**MATERIAL SUPPLIED**
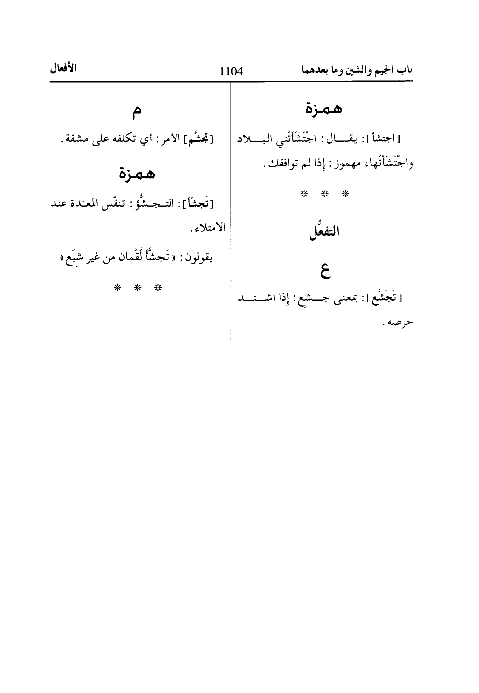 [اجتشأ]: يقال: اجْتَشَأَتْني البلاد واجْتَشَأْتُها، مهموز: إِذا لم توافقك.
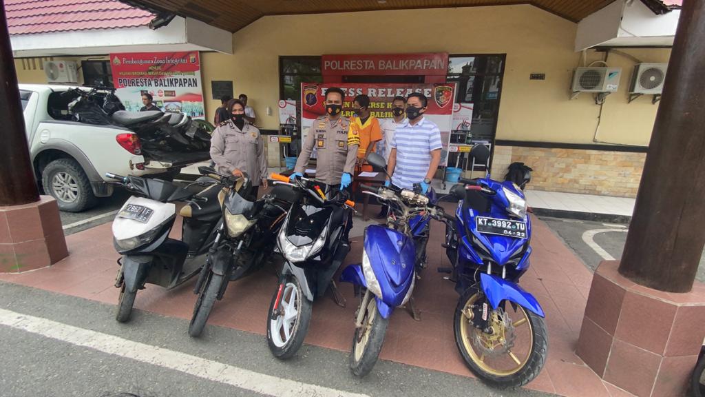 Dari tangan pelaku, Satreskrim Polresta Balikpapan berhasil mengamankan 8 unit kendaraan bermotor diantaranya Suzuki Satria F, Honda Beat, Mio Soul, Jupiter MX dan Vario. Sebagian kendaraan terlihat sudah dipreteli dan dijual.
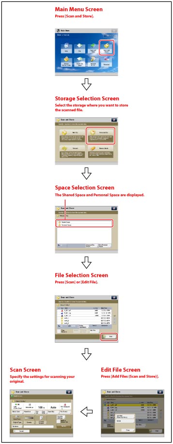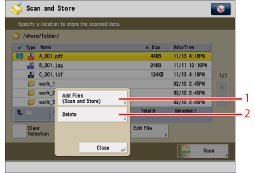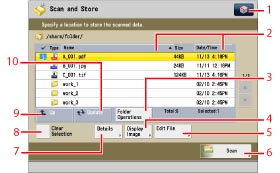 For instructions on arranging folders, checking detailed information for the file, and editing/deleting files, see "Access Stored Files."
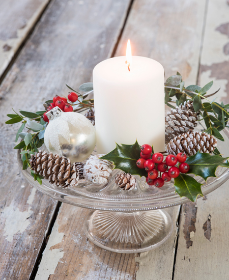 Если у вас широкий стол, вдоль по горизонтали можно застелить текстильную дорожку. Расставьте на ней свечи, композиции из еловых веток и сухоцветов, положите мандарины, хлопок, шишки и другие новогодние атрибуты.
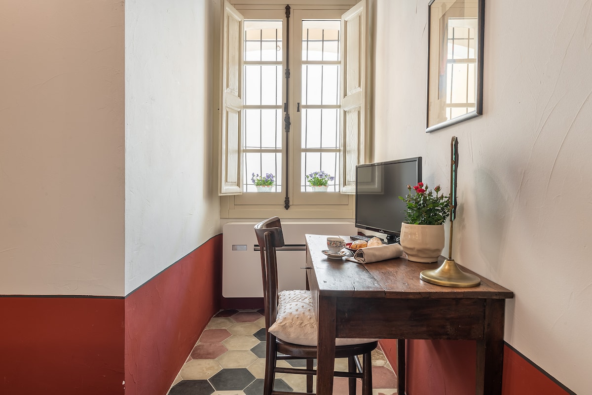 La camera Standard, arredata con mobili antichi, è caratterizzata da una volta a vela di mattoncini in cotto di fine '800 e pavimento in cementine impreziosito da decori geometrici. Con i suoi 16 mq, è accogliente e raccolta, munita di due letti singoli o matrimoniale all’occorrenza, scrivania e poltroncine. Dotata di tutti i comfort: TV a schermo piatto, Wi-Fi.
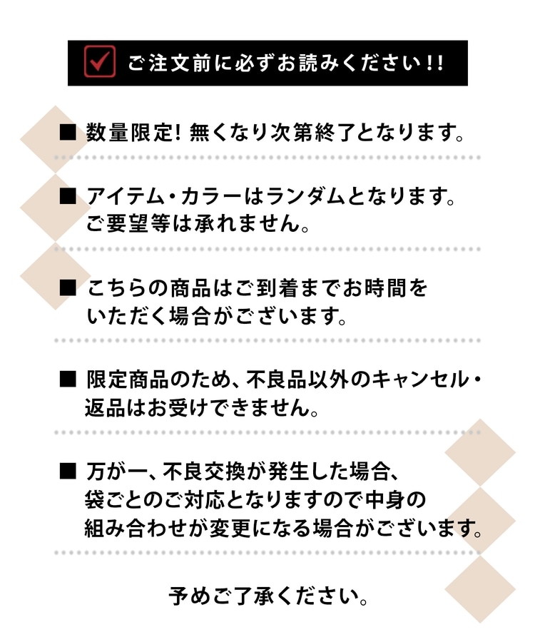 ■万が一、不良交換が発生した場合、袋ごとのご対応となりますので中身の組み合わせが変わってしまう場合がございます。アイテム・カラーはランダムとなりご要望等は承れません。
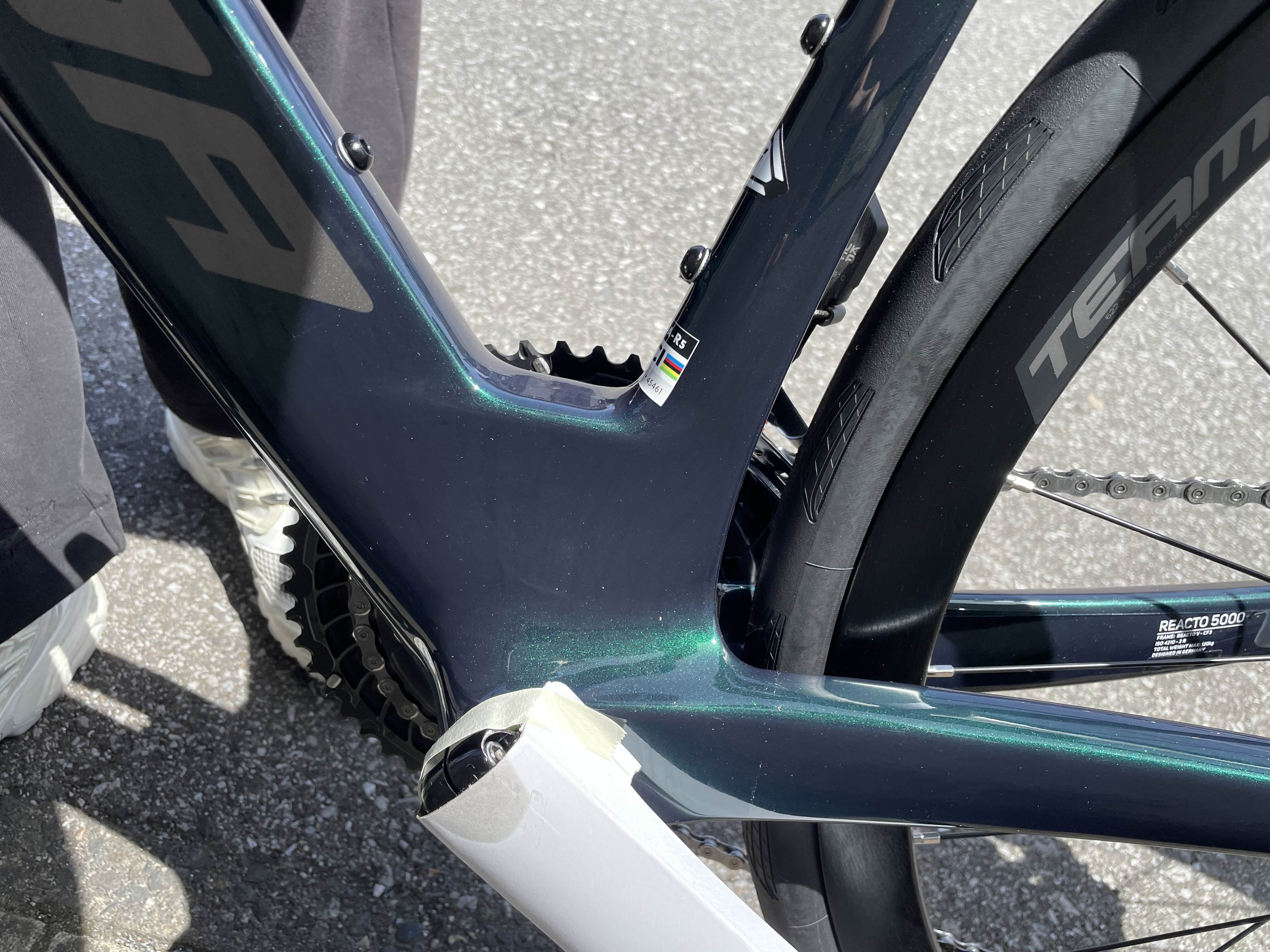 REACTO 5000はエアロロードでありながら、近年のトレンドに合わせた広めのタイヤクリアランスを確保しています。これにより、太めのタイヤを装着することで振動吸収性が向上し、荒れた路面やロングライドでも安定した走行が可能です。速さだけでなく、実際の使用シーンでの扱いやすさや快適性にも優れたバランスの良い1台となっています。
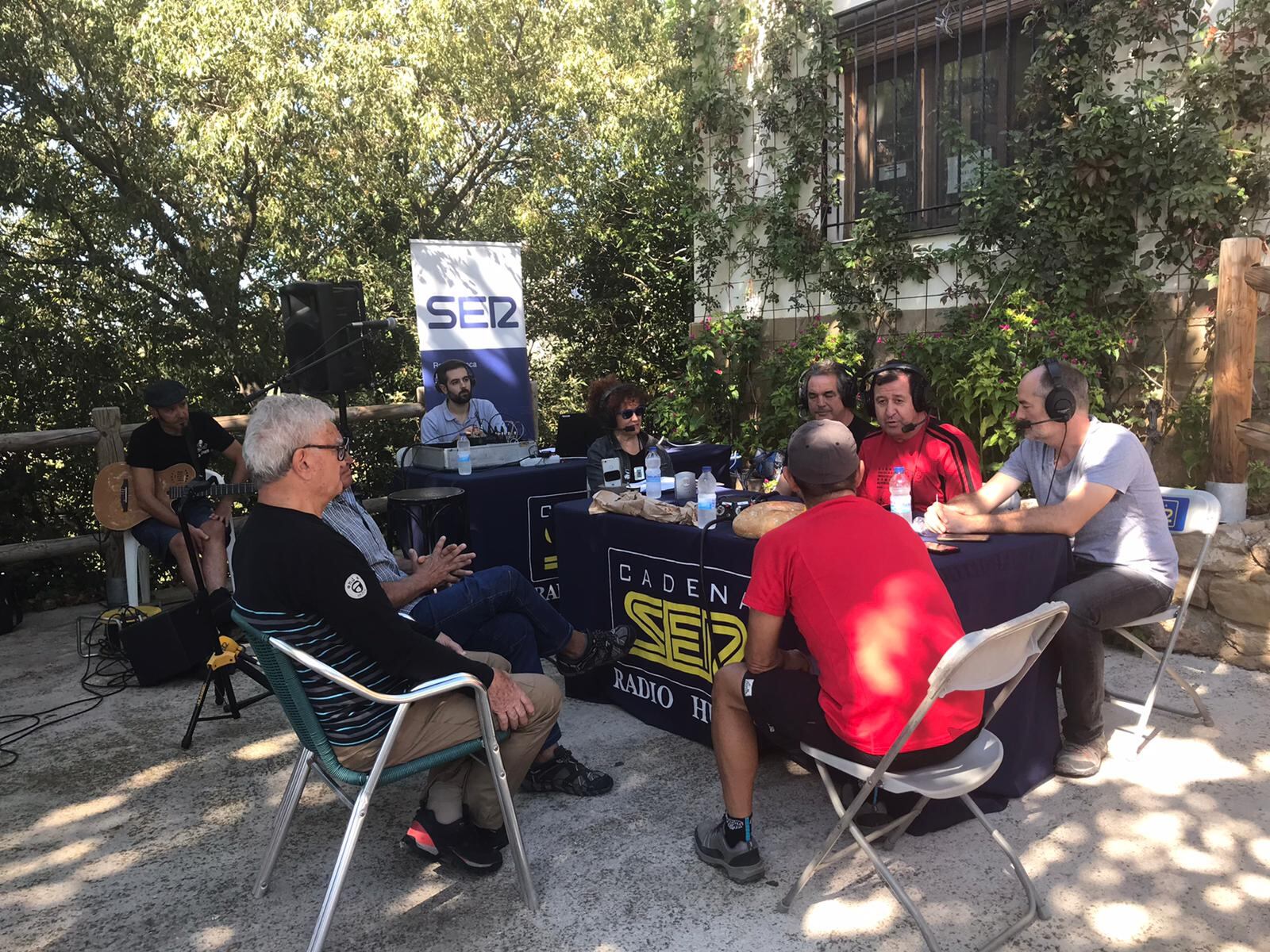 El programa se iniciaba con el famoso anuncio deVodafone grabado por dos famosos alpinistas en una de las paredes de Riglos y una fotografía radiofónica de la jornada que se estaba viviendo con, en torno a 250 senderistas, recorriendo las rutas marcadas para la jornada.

**ASSIGNED TASK**
A faithful copy of all the entries is required, pictures excluded.

**SOLUTION BELOW**
 [اجتشأ]: يقال: اجْتَشَأَتْني البلاد واجْتَشَأْتُها، مهموز: إِذا لم توافقك.
 Dari tangan pelaku, Satreskrim Polresta Balikpapan berhasil mengamankan 8 unit kendaraan bermotor diantaranya Suzuki Satria F, Honda Beat, Mio Soul, Jupiter MX dan Vario. Sebagian kendaraan terlihat sudah dipreteli dan dijual.
 For instructions on arranging folders, checking detailed information for the file, and editing/deleting files, see "Access Stored Files."
 Если у вас широкий стол, вдоль по горизонтали можно застелить текстильную дорожку. Расставьте на ней свечи, композиции из еловых веток и сухоцветов, положите мандарины, хлопок, шишки и другие новогодние атрибуты.
 La camera Standard, arredata con mobili antichi, è caratterizzata da una volta a vela di mattoncini in cotto di fine '800 e pavimento in cementine impreziosito da decori geometrici. Con i suoi 16 mq, è accogliente e raccolta, munita di due letti singoli o matrimoniale all’occorrenza, scrivania e poltroncine. Dotata di tutti i comfort: TV a schermo piatto, Wi-Fi.
 ■万が一、不良交換が発生した場合、袋ごとのご対応となりますので中身の組み合わせが変わってしまう場合がございます。アイテム・カラーはランダムとなりご要望等は承れません。
 REACTO 5000はエアロロードでありながら、近年のトレンドに合わせた広めのタイヤクリアランスを確保しています。これにより、太めのタイヤを装着することで振動吸収性が向上し、荒れた路面やロングライドでも安定した走行が可能です。速さだけでなく、実際の使用シーンでの扱いやすさや快適性にも優れたバランスの良い1台となっています。
 El programa se iniciaba con el famoso anuncio deVodafone grabado por dos famosos alpinistas en una de las paredes de Riglos y una fotografía radiofónica de la jornada que se estaba viviendo con, en torno a 250 senderistas, recorriendo las rutas marcadas para la jornada.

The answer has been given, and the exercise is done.